This provides an easy to implement but efficient tiebreak mechanism.

In a further implementation of the first aspect, the microwave node may send one or more BNM messages.

Accordingly, other microwave nodes according to the first aspect in the same ERP network are able to obtain the current bandwidth, and compare their local link bandwidth with the bandwidth information reported via BNM. If the local link of the microwave node fails, it is configured to generate a BNM (one or more messages) with a zero current bandwidth as the current bandwidth information. Therefore, any other degraded microwave link in the ERP network will not be considered the link with the lowest current bandwidth. This avoids blocking a degraded link while there is also a failed link on the same ring.

In a further implementation of the first aspect, the microwave node is further configured to send a message notifying a fail of the local link to the other nodes in the ERP network, and the message and the BNM, which are sent to the other nodes, include the same identifier of the microwave node and local link.

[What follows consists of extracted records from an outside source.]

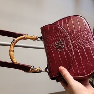 Beautiful, gently used, croc skinned, burgundy/maroon colored crossbody purse with a bamboo like material handle. The strap can be removed and is adjustable for the length as well. The bag measurements are 7x9 inches as the photos show. There is 1 pocket in the back of the purse (no button or clasps, and there is a smaller pocket inside the purse (no zipper, buttons, or clasps). The main closure is a magnetic snap. EUC! No flaws noticed. Comes from a smoke-free home. Please ask any questions before buying. Make an offer or bundle more than 1 of your likes from my closet for a discounted price! 😉
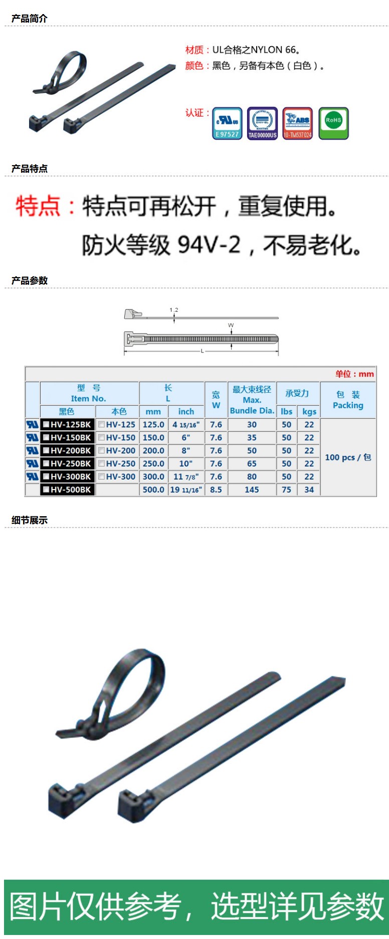 商品名称:凯士士KSS 活用式扎线带,HV-150BK
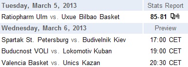 Ratiopharm Ulm a depășit pe UXUE Bilbao, scor 85-81, în primul meci din playoff-ul EuroCup - ediția 2012/13. Partida a avut loc în cursul serii de marți (05.03), în Germania.
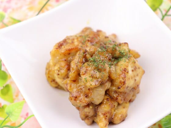 はちみつには浸透性があり、ブドウ糖と果糖が肉の内側に浸み込んで、肉のタンパク質が凝集するのを防ぐので、焼く前に肉に絡めることによって、仕上がりを柔らかくする事が出来ます。鶏もも肉は元々が柔らかいので、今回は見た目の照りを重視していますが、鶏むね肉は焼くとパサパサになりやすいです。鶏むね肉を使用する場合は、先にはちみつマスタードを混ぜる事によってジューシーに仕上げる事が出来ます。塗り過ぎると、ベタベタになってしまうので、量にご注意下さい。

The message may be a Ring Automatic Protection Switching message indicating signal fail (RAPS (SF)). The common identifier allows the other nodes to determine that the microwave node sent the message and the BNM for the same link. This helps distinguishing from fail messages, e.g. RAPS (SF) messages, from non-microwave nodes (which do not generate BNM) or from microwave nodes configured not to generate a BNM (one or more messages) with zero current bandwidth during fail conditions.

In a further implementation of the first aspect, the microwave node further comprises an ERP control process configured to receive the signal indicating a fail of the local link generated by the at least one processor, and able to block the local link upon receiving said signal.

In an implementation the ERP control process may be implemented as an ERP controller.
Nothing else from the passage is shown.